* _INPUT DATA_
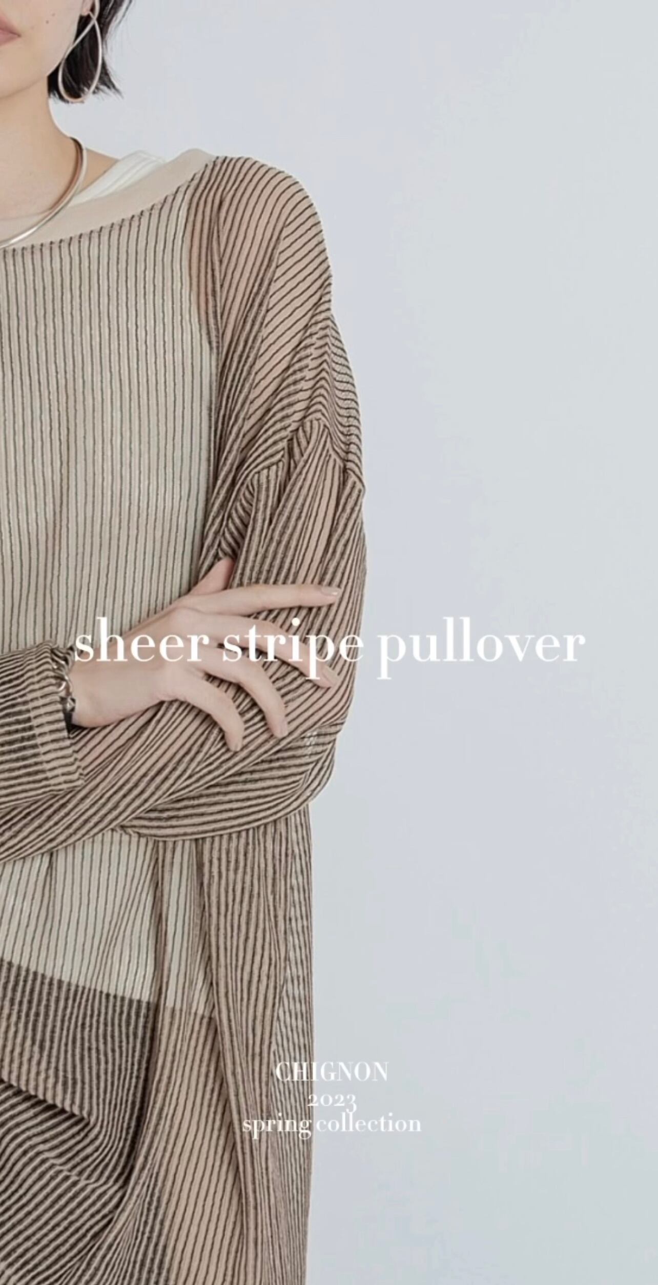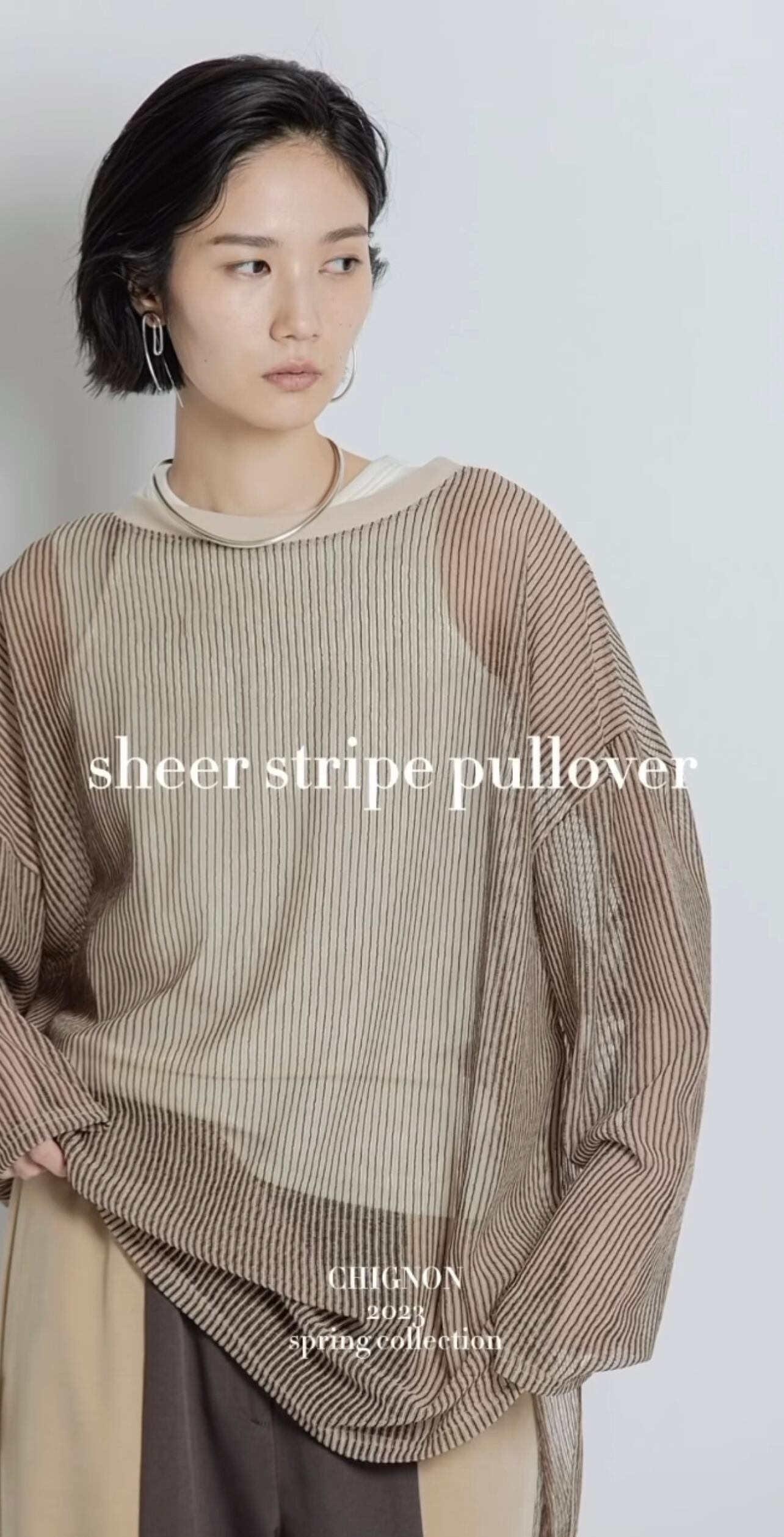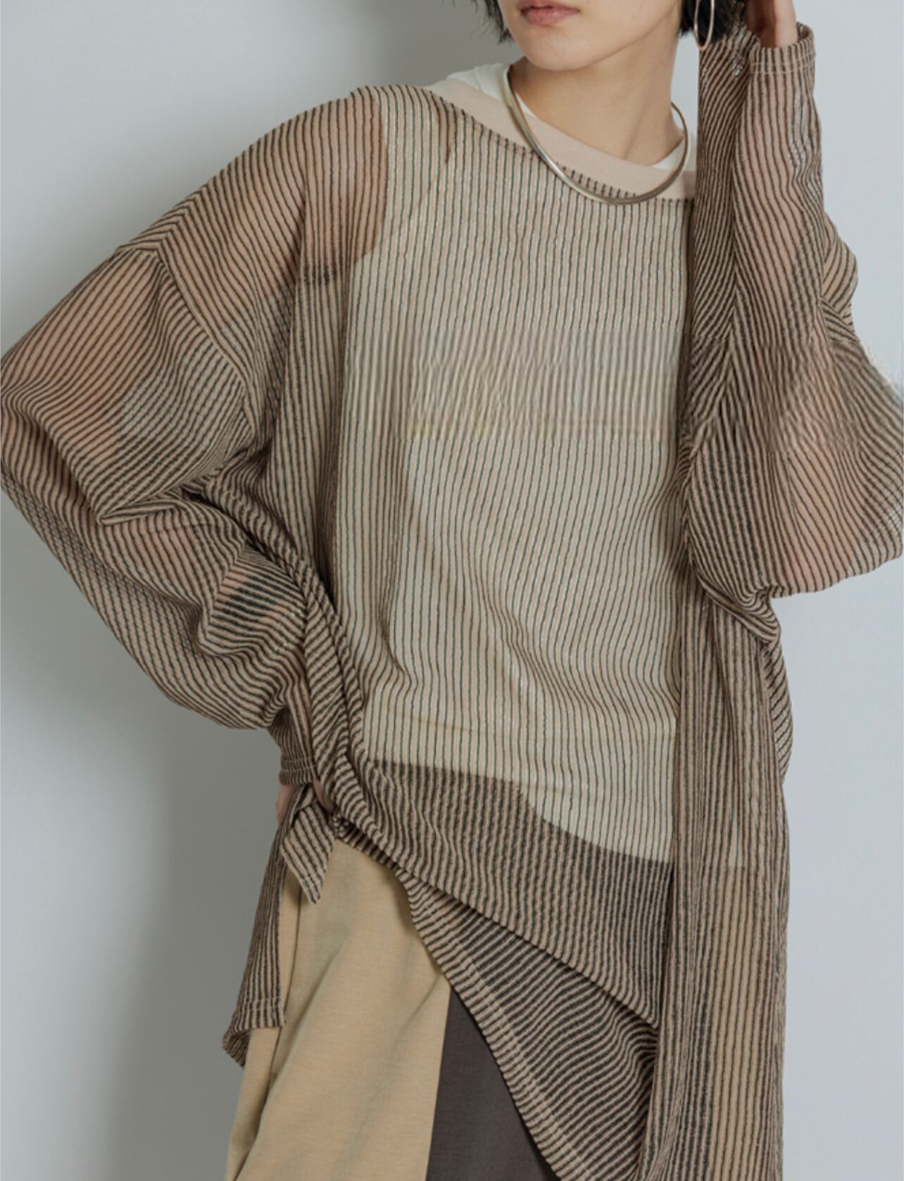 シャリ感と透け感のあるストライプ素材を使用した、ゆるっとしたシルエットのカットソーPOです。
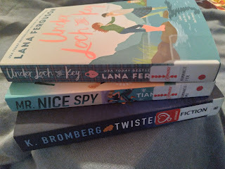 [bookstack of 3 paperbacks: Under Loch and Key, Mr. Nice Spy, Twisted Knight]
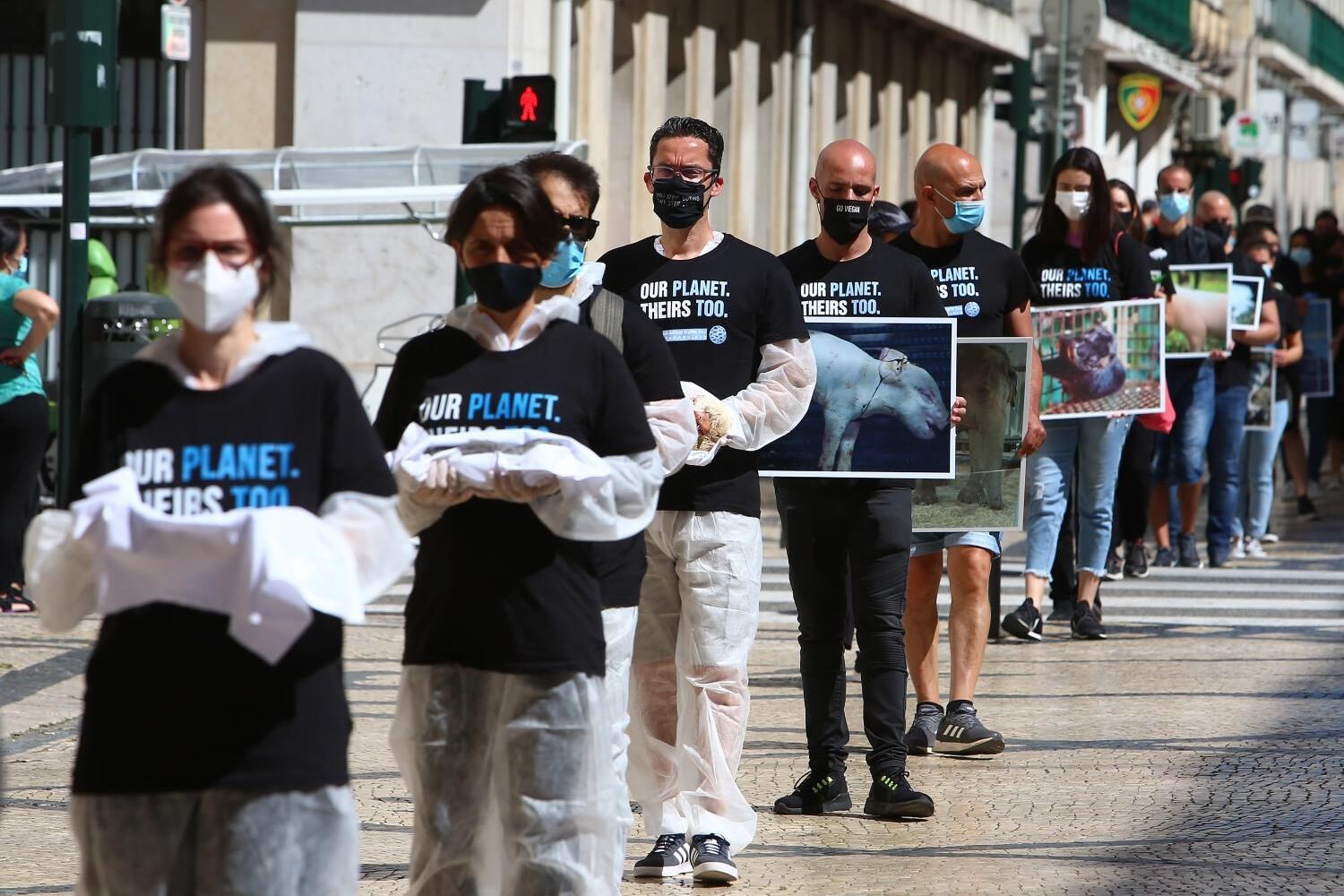 Cerca de uma centena de manifestantes participaram hoje numa "marcha fúnebre" em defesa dos direitos dos animais, uma iniciativa que decorre anualmente por todo o mundo e que em Portugal se realizou pela primeira vez, em Lisboa.
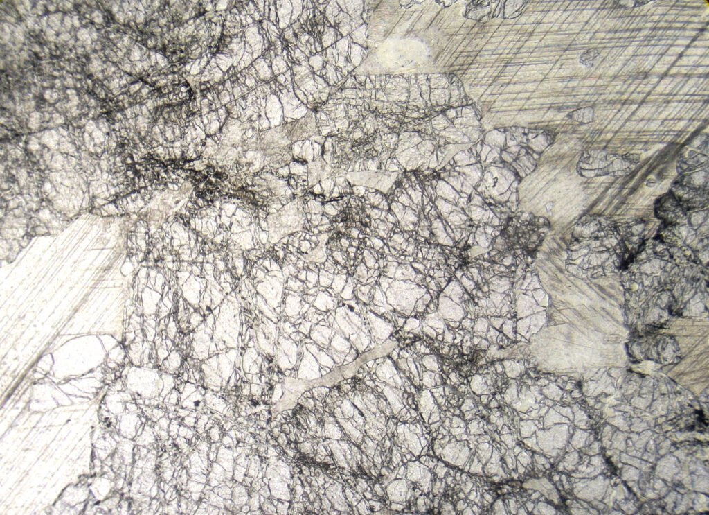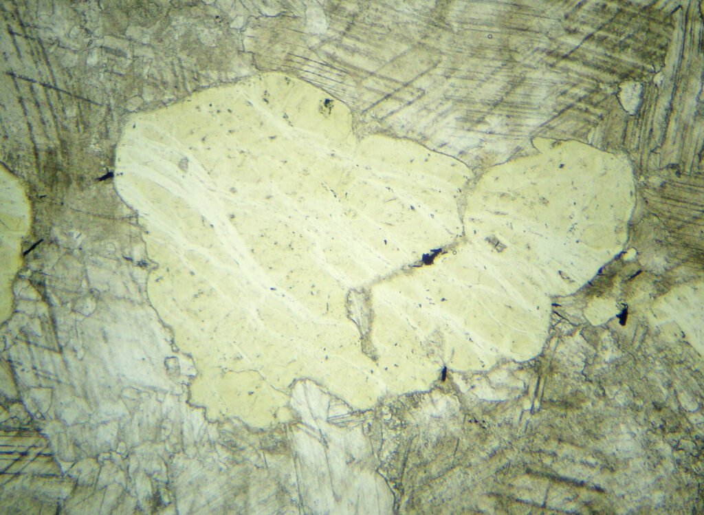 Sample preparation: olivine acquires a good polish with some ease. When altered, on the other hand, which is very common, the polish is of poor quality and persistent grooves are difficult to eliminate.

* _WHAT THE TASK REQUIRES_
A verbatim retyping of the listing, without any pictures, is the expected answer.

* _WRITTEN ANSWER_
 シャリ感と透け感のあるストライプ素材を使用した、ゆるっとしたシルエットのカットソーPOです。
 [bookstack of 3 paperbacks: Under Loch and Key, Mr. Nice Spy, Twisted Knight]
 Cerca de uma centena de manifestantes participaram hoje numa "marcha fúnebre" em defesa dos direitos dos animais, uma iniciativa que decorre anualmente por todo o mundo e que em Portugal se realizou pela primeira vez, em Lisboa.
 Sample preparation: olivine acquires a good polish with some ease. When altered, on the other hand, which is very common, the polish is of poor quality and persistent grooves are difficult to eliminate.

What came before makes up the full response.